In July, MDA approved 38 new research grants for neuromuscular disease research, at a cost of more than $14 million.

Eleven new grants totaling more than $3.5 million have relevance for Duchenne (DMD) and Becker (BMD) muscular dystrophies, including projects designed to further development of exon skipping; DNA repair; the effects of improved blood flow on damaged muscles and the use of magnetic resonance imaging (MRI) as a noninvasive method for measuring muscle changes; protection of skeletal muscle in DMD via control of skeletal muscle metabolism; and stem cell mediated gene therapy.

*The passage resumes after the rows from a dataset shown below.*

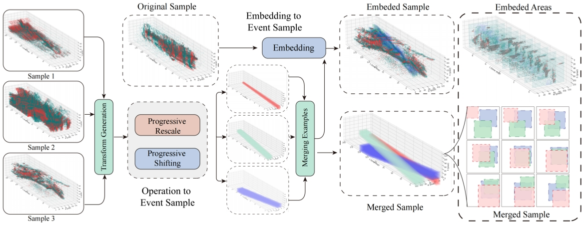 EventZoom data augmentation process. Event samples 1–3 undergo progressive scaling and shifting along the temporal dimension, with the scaled samples embedded into the original samples.
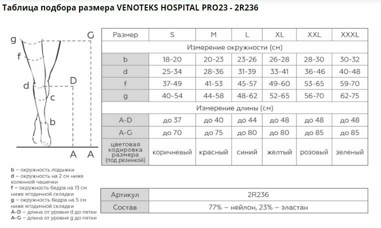 Госпитальные противоэмболические чулки 2 класс HOSPITAL PRO23 2R236 Venoteks, размер: XL
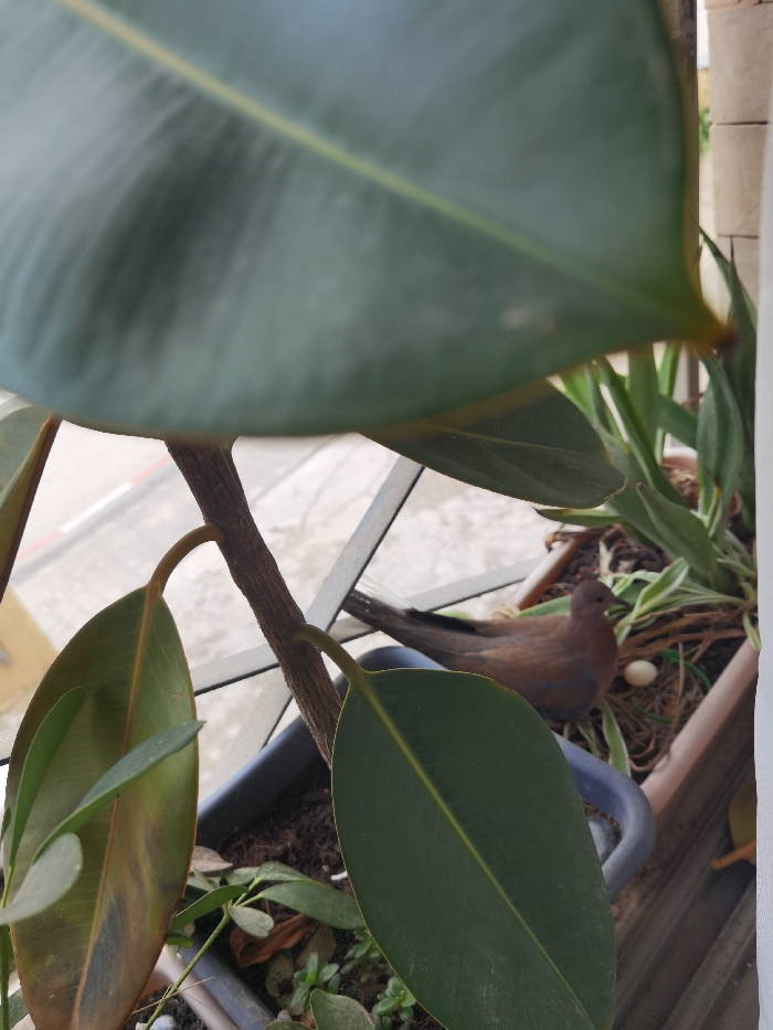 The scene is an outdoor or semi-outdoor area, likely a balcony or windowsill, in the city of Unknown, Unknown. A brown bird, consistent with a dove or pigeon, is observed nesting within a rectangular dark-colored planter. The nest contains one visible white egg positioned next to the bird. The planter holds various plants, including a variegated foliage plant and the distinct large, dark green leaves and a brown stem of a Ficus elastica (rubber plant), one of which occupies the immediate foreground. Beyond the planter, a metal railing and a light-colored paved surface with a white line are visible, suggesting an exterior street or walkway.
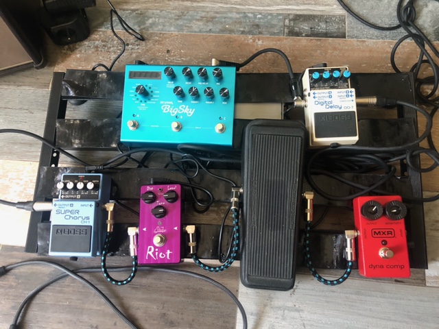 Cela donne: guitare-comp Dyna MXR- Whawha-Suhr riot- chorus CH-delay DD7-big sky -ampli
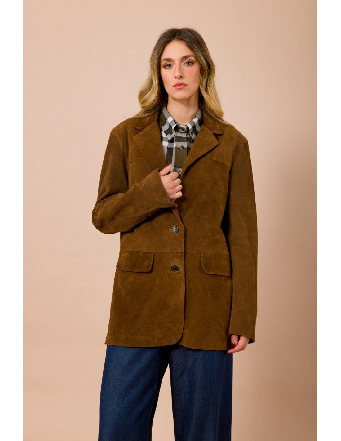 Casaco em camurça com corte cru e bolsos com aba Maryley

Ten new projects totaling nearly $3.5 million are aimed at better understanding and developing therapies for ALS (amyotrophic lateral sclerosis, or Lou Gehrig’s disease).

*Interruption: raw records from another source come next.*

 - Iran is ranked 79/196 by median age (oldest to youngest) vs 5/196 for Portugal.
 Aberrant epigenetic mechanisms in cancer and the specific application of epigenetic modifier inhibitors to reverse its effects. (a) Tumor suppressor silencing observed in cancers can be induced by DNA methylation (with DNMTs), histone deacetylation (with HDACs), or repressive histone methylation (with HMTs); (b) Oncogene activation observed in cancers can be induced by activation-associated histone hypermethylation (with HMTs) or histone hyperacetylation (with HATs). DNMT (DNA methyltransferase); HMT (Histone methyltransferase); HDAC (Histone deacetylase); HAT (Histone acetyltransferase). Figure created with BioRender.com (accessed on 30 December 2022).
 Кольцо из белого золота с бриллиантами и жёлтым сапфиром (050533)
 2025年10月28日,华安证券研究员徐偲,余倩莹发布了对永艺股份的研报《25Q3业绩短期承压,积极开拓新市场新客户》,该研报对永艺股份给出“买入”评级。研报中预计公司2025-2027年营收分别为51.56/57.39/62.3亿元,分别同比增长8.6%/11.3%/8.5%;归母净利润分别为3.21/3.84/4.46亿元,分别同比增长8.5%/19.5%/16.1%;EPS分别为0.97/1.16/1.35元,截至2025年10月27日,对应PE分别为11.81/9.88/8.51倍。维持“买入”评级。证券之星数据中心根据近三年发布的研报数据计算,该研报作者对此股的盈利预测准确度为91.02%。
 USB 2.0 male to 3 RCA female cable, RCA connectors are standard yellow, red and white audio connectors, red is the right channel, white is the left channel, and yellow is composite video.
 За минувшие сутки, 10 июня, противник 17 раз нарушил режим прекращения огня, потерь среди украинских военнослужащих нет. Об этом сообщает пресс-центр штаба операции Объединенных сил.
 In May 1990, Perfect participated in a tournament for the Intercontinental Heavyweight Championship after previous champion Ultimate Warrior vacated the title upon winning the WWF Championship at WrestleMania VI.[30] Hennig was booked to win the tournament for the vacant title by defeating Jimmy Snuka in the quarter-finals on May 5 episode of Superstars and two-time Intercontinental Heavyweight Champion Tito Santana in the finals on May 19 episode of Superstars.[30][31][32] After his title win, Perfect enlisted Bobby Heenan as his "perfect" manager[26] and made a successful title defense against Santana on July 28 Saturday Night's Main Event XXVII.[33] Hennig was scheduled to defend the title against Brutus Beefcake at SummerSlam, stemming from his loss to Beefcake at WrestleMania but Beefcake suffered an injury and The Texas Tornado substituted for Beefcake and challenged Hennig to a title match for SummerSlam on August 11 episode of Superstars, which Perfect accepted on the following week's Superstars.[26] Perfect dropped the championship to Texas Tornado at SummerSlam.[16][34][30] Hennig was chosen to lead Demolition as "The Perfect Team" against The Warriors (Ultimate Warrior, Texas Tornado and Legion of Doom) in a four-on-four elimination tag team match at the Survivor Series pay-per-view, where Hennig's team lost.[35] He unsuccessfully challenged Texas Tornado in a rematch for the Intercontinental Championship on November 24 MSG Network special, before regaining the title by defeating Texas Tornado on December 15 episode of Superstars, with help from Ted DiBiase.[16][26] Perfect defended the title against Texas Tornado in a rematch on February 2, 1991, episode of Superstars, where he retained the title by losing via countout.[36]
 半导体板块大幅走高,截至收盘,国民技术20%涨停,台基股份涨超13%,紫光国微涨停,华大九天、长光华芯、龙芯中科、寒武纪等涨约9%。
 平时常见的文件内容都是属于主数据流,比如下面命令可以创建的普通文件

A number of other grants will go toward elucidating the molecular causes of, and development of therapies for, a host of other diseases in MDA’s program: central core disease (CCD), Charcot-Marie-Tooth disease (CMT), congenital myasthenic syndrome (CMS), Emery-Dreifuss muscular dystrophy (EDMD), inclusion-body myositis (IBM), limb-girdle muscular dystrophy (LGMD), mitochondrial myopathy, type 1 myotonic muscular dystrophy (MMD1, or DM1), periodic paralysis (PP), spinal-bulbar muscular atrophy (SBMA) and spinal muscular atrophy (SMA).

For more information about these new grants, visit MDA’s website and view Grants at a Glance, a new online feature showcasing MDA’s grants with photos and information.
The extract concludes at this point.